Search code examples
rggplot2continuous-integrationloess

LOESS confidence intervals excessively narrow in qqplot2


I'm having some trouble understanding how confidence intervals are calculated in ggplot2 while using LOESS smoothing. From a few other threads, my understanding is that ggplot2 uses t-intervals calculated based on regression standard errors, i.e., using the distance between the actual data points and the LOESS line. But I think I must be mistaken based on the confidence intervals that ggplot2 produces. Here's example code (actually qplot in this case, but I think the result should be the same):

qplot(Year, Purposivism, data=fig1.dat, geom=c('point', 'smooth'), level=0.99, span=0.5, method='loess', ylab="Term Frequency per Million Words") +
theme_bw() +
theme(text=element_text(family="Century", size=12)) +
expand_limits(y = 0) +
scale_x_continuous(breaks = scales::pretty_breaks(n = 10)) +
theme(axis.text.x = element_text(angle = 45, hjust=1))

Here's the resulting graph:

Graph

On the left side of the graph (say, 1920-1940) the points are tightly packed around the LOESS line, and are mostly inside the confidence intervals. But from around 1960-1980, they're all over the place, yet the width of the confidence interval seems about the same. I think I must be misunderstanding how the CIs work, because this seems unintuitive.

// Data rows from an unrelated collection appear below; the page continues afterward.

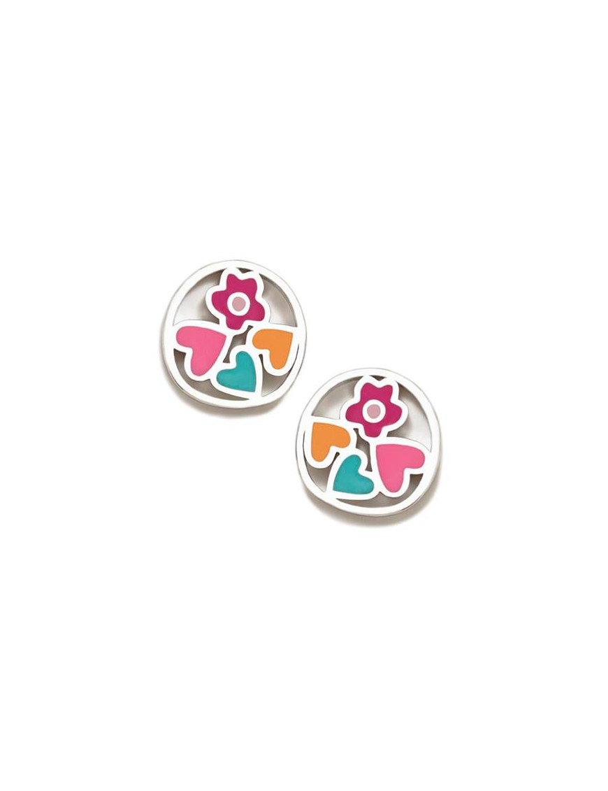 Pendientes de plata Agatha Ruiz de la Prada Rigoberta Tondo 005RIG para niñas. Son de plata de primera ley de 925 mls. con esmalte. Llevan cierre de presión. Tienen garantía de tres años contra defectos de fabricación.
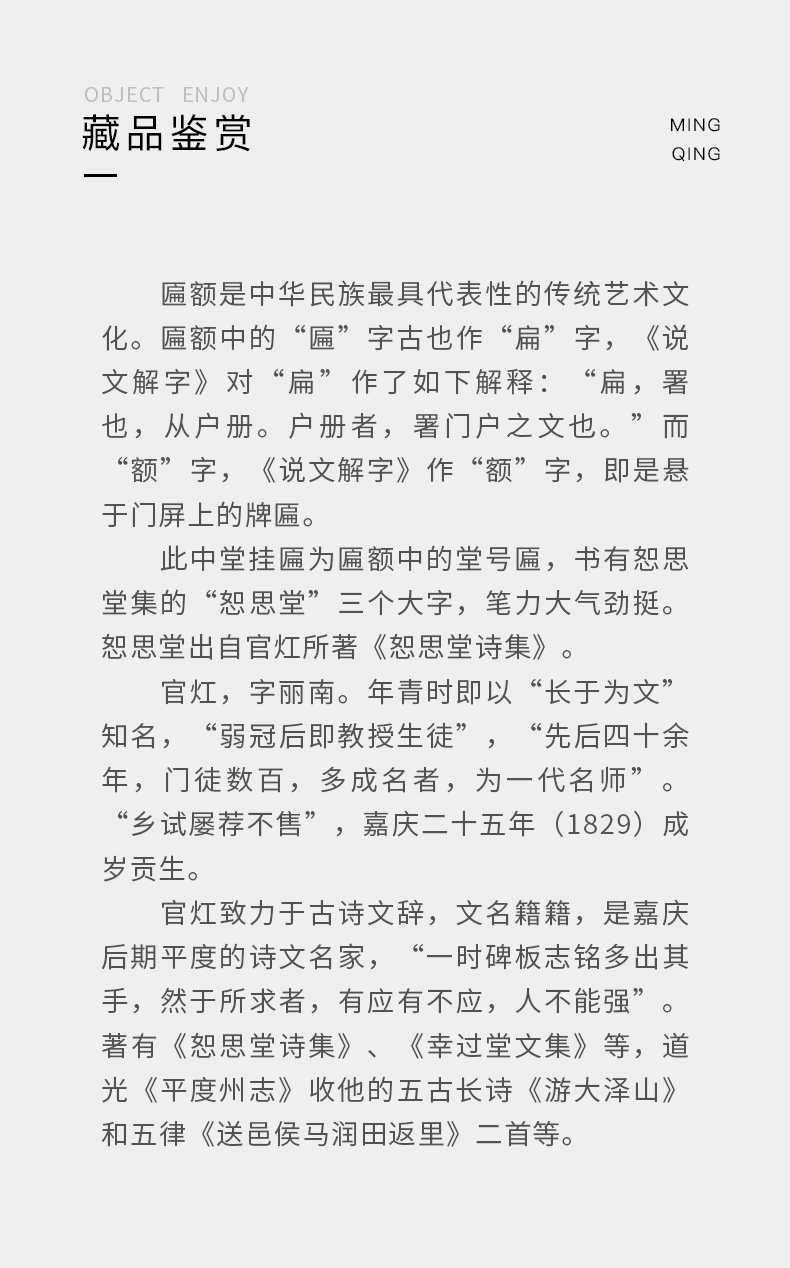 清 “恕思堂”中堂挂匾
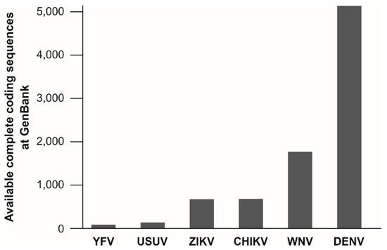 The target regions of published molecular assays for YFV detection are not evenly spread across the viral genome. Of at least 20 published assays for molecular YFV diagnostics, six target the 5′UTR, five the NS5 coding region and four the NS1 coding region. Remarkably, the information about the genetic variation of YFV is relatively small and is limiting reliable oligonucleotide design for YFV detection. As of 15 May, only 88 complete coding sequences of YFV isolates are available at GenBank, NCBI. This number is surprisingly low given the long time-span since the discovery of YFV and given its medical relevance. In comparison, the genetic information available for other arboviruses is considerably greater, including for the bird-associated Usutu virus (USUV), that causes only sporadic human infections [279] (Figure 2). This underrepresentation of YFV in terms of genetic data might be a major problem for public health since existing real-time RT-PCR assays are designed based on limited knowledge about genetic YFV diversity and nucleotide mismatches at oligonucleotide binding sites may affect test performance [223,280]. Despite the relatively low evolutionary rate of YFV [28,108,133], larger YFV genomic datasets are urgently required to ensure reliability of molecular YFV diagnostics.
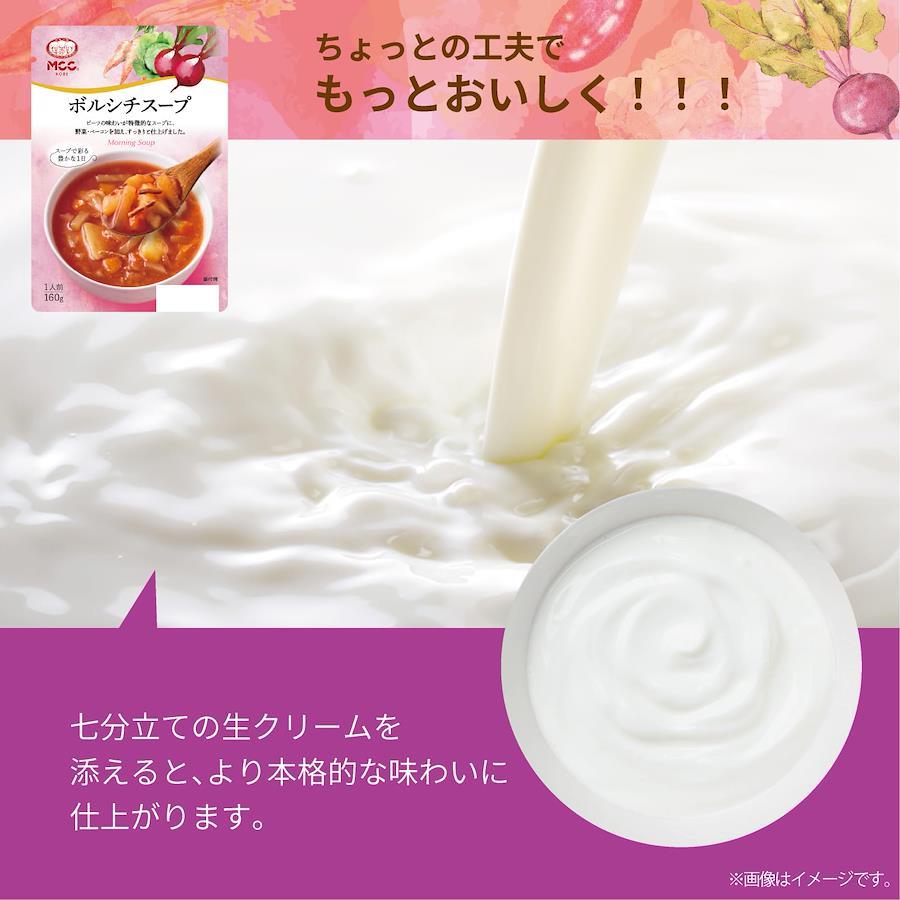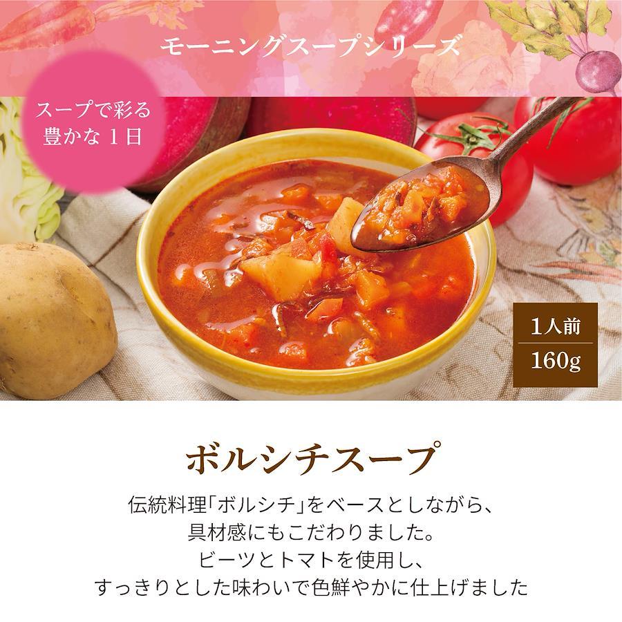 伝統料理「ボルシチ」をベースとしながら、具材感にもこだわりました。ビーツとトマトを使用し、すっきりとした味わいで色鮮やかに仕上げました。素材へのこだわり【ビーフエキス】 ビーフのだしをベースにしています素材へのこだわり【ビーツ】 野菜の甘みに加え、ビーツのうま味・甘みがポイント調理へのこだわり【飲みやすさ】 煮込み料理のボルシチの味わいを表現しつつ、トマトをベースとしてさっぱりと飲みやすく仕上げました【重要】メーカーによる商品リニューアルに伴いパッケージ(内容量も含む)変更が行われた場合、新パッケージでお届け致します事ご了承願います。
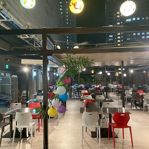 【駅直結の好立地】四つ橋線・西梅田駅から地下直結で、雨の日も濡れずに来店OK。大阪駅・北新地駅からも徒歩圏で集まりやすさ抜群。仕事帰りや友人・家族の集まりにも便利。入口では招き猫と群馬県の高崎だるまがお迎えします♪入った瞬間から屋台気分を楽しめます♪寒い日や雨の日でも快適な屋外ビアガーデン施設!
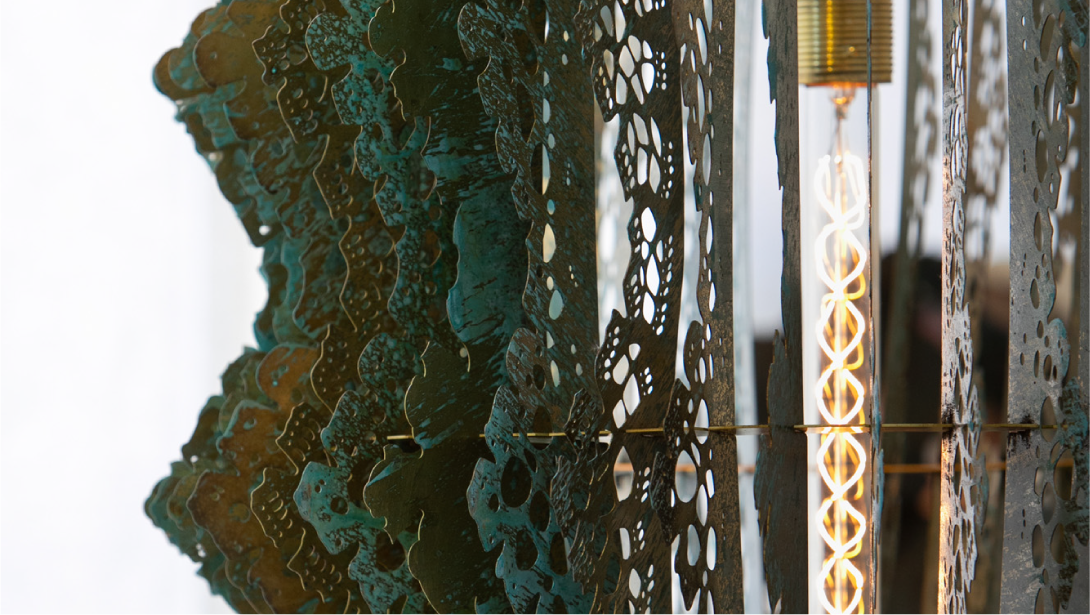 Agli archi altrettante lastre mostrano la superficie lunare e l’insieme di pianeti fluttuanti nello spazio in un pannello decorativo, Flow, disegnato per PLANIUM da Donatella Nobilio e creato ad intarsio con diversi metalli: Calamina, Acciaio, Ottone e Rame.
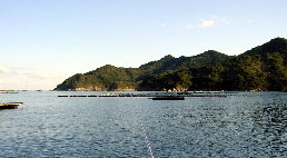 このテントにはこの後も大助かりなのだ!そして段々明るくなって来て回りが見えるようになって来た、これが外向きの様子だ!テントに後ろが内向きだ!そしてポイントがこの写真を向きだけだ!左に笹原さん、右に市川さん、そして私がどちら向きでもやりたい放題だ! そして30分ぐらい経った頃笹原にアタリ、しかしロープに絡んでしまい引っ張っていると小さなアオリイカが見えている!なんとかロープから外しヤエンを入れるが、離してしまった。次に市川さんにアタリ、糸がドンドン出て行く。ヤエンを入れるがアオリイカがかなり遠い所まで行き、浅い所に居るので糸が横になってヤエンが落ちていかないのだ!我々いつもは水面がかなり低い堤防(6.3mのたもがなんとか届く所)でやっているので筏の様に水面が近い所は慣れていないのだ!結局1号のワンタッチ遊動錘を落とすと、その衝撃が強いのかヤエンが届いた頃にアオリイカが離してしまった。下手糞3人組はやっぱりアオリイカを捕ることが出来ないのか?8時笹原さんに二度目のアタリ!糸がドンドン出て行く!五分待ち先程の市川さんを見ているので、「外れてもいいから寄せなあかん」って強引に寄せにかかった。凄い私には怖くて出来ない!案の定外れた、外れた状態で待っていると又乗って来た。ラッキー!というかそういうものなんだね!かなり寄せてヤエンを入れ巻き上げてくるとデカイアオリイカが見えて来た。タモに入れ大成功!
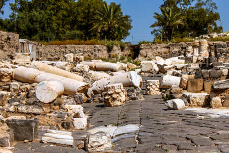Fallen columns at Beit She'an in Israel
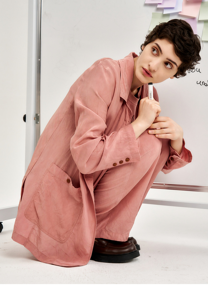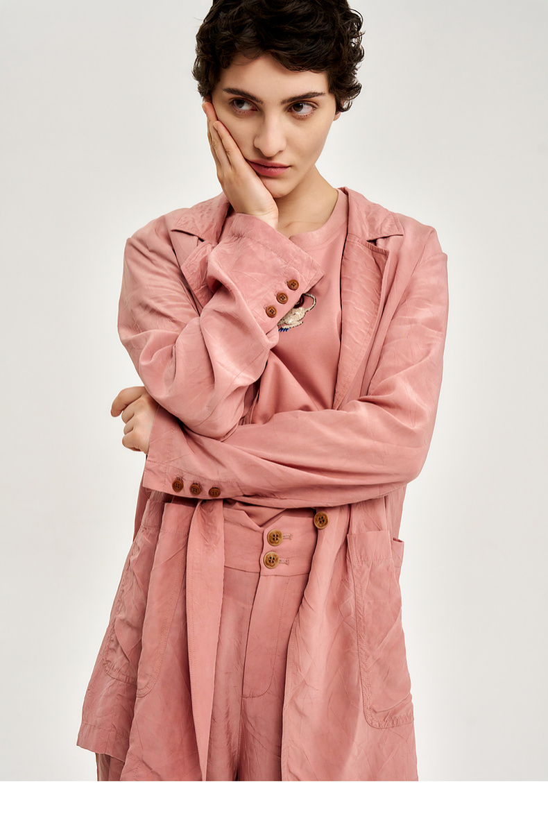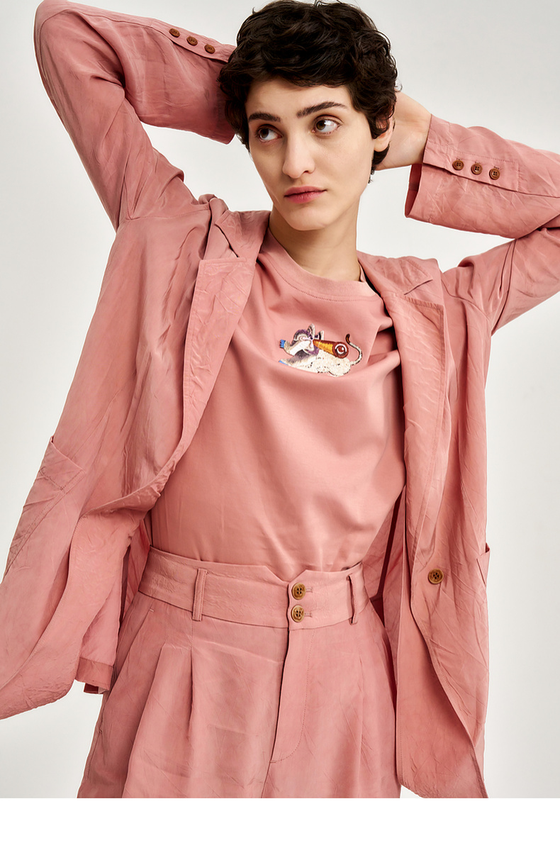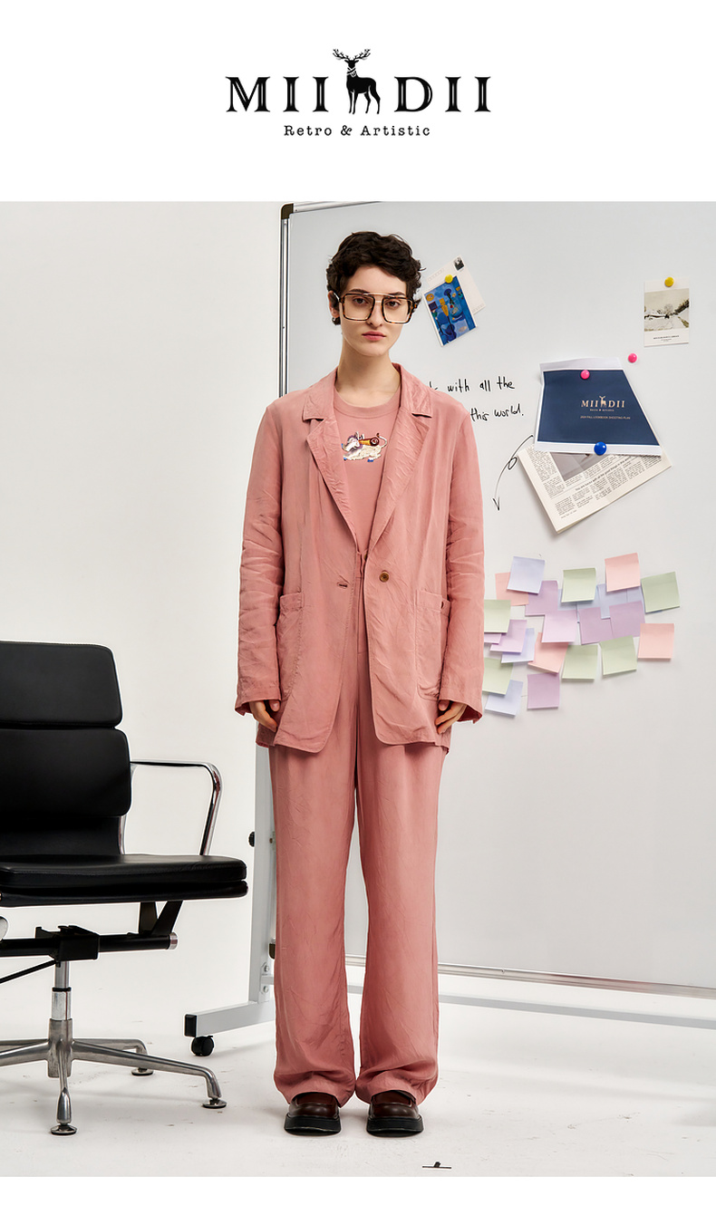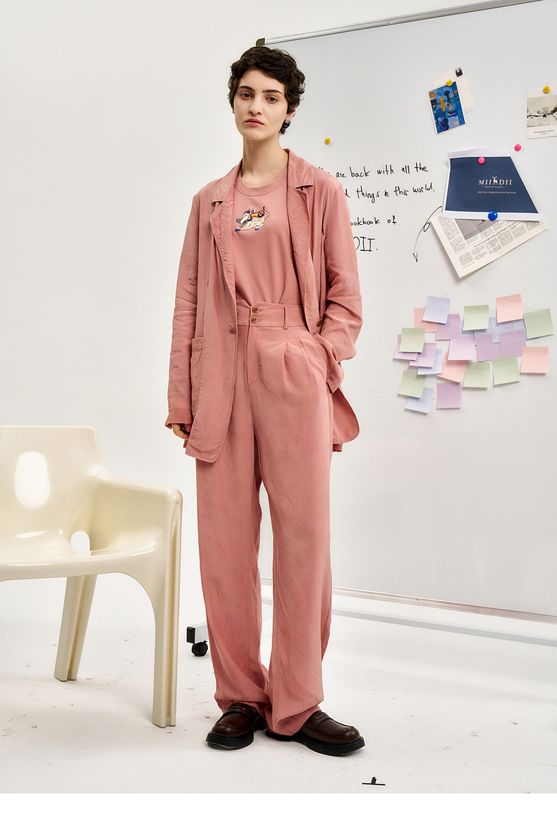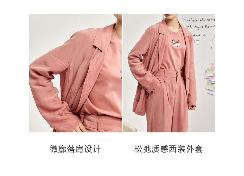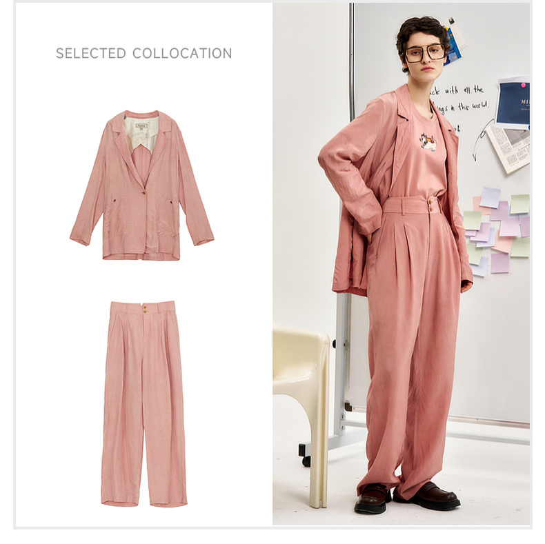 谜底西装外套女2024秋新品通勤风质感垂坠粘纤宽松西服243MW1040
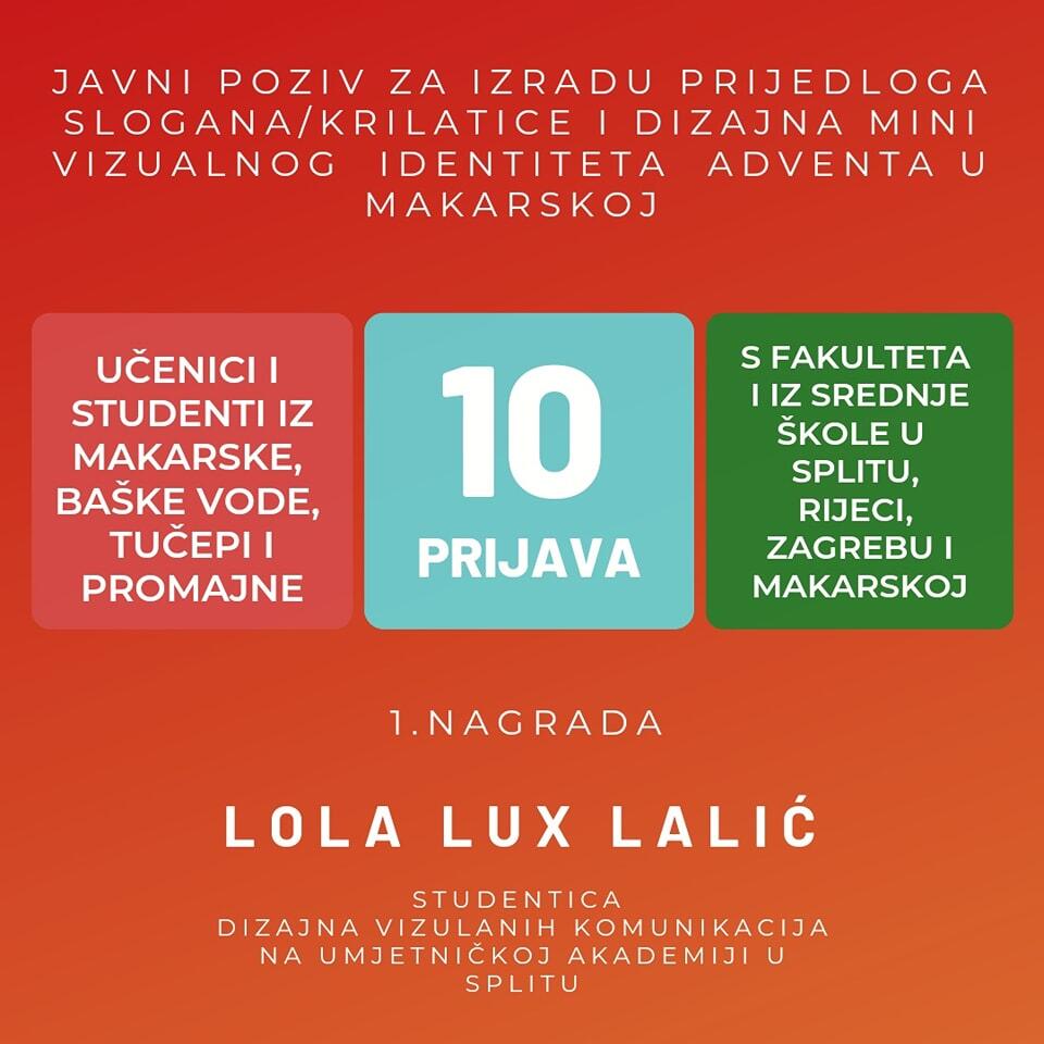 Na javni poziv za izradu prijedloga slogana/krilatice i dizajna mini vizualnog identiteta Adventa u Makarskoj pristiglo je 10 radova, a 3 prvonagrađena izabrao je žiri u kojem su sjedili Josip Karamatić, ravnatelj Galerije Antun Gojak, Tina Divić, vizualna umjetnica iz Umjetničkog studija Rintintina, Elenora Matijašević, dizajnerica vizualnih komunikacija iz Graphic studija Ella, Sandra Vranješ, pročelnica Upravnog odjela za javne potrebe i društvene djelatnosti i dogradonačelnica Antonia Radić Brkan.
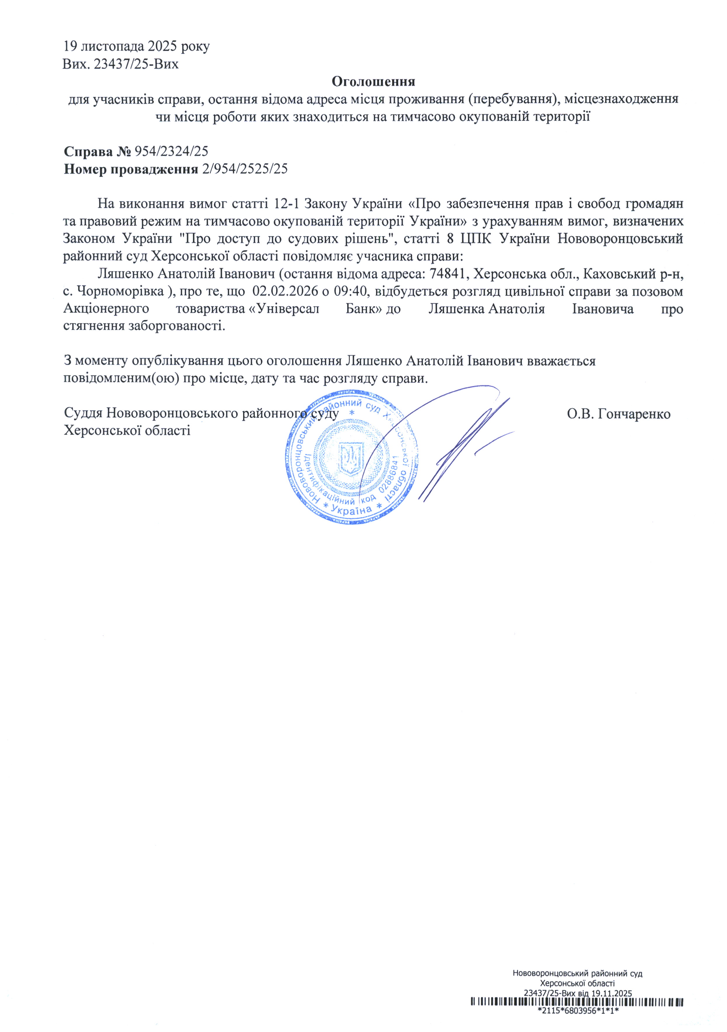 До суду викликається Ляшенко Анатолій Іванович на 9 год. 40 хв. 2 лютого 2026 року

Thanks in advance for your help! Very happy to provide any other information that might be useful.


Solution

  • Where you are likely confused is in the difference between confidence and prediction interval. Confidence intervals, which are used in geom_smooth are the predicted confidence in the estimated mean. This is a measure of how far the average of your observations will deviate at the point estimate. In predict.lm there is an option to add interval = "prediction", which would give you the prediction interval. The prediction interval incorporates the uncertainty in the error-term from y ~ x %*% beta + epsilon, while the confidence interval only incorporates the fixed effect uncertainty from y ~ x %*% beta. I have not looked into prediction intervals for loess curves, and other non- and semi-parametric smoothers, but it does not seem to be implemented in ?predict.loess

    We can illustrate how geom_smooth estimates the confidence intervals by manual calculation. Lets start by using the most boring reproducible example. mtcars from the stats package (included in base R).

    data(mtcars)
    fit <- loess(mpg ~ hp, data = mtcars)
    preds <- predict(fit, se = TRUE)
    names(preds)
    #[1] "fit"            "se.fit"         "residual.scale" "df" 
    

    To calculate the confidence interval, we use the standard formula as you correctly specified.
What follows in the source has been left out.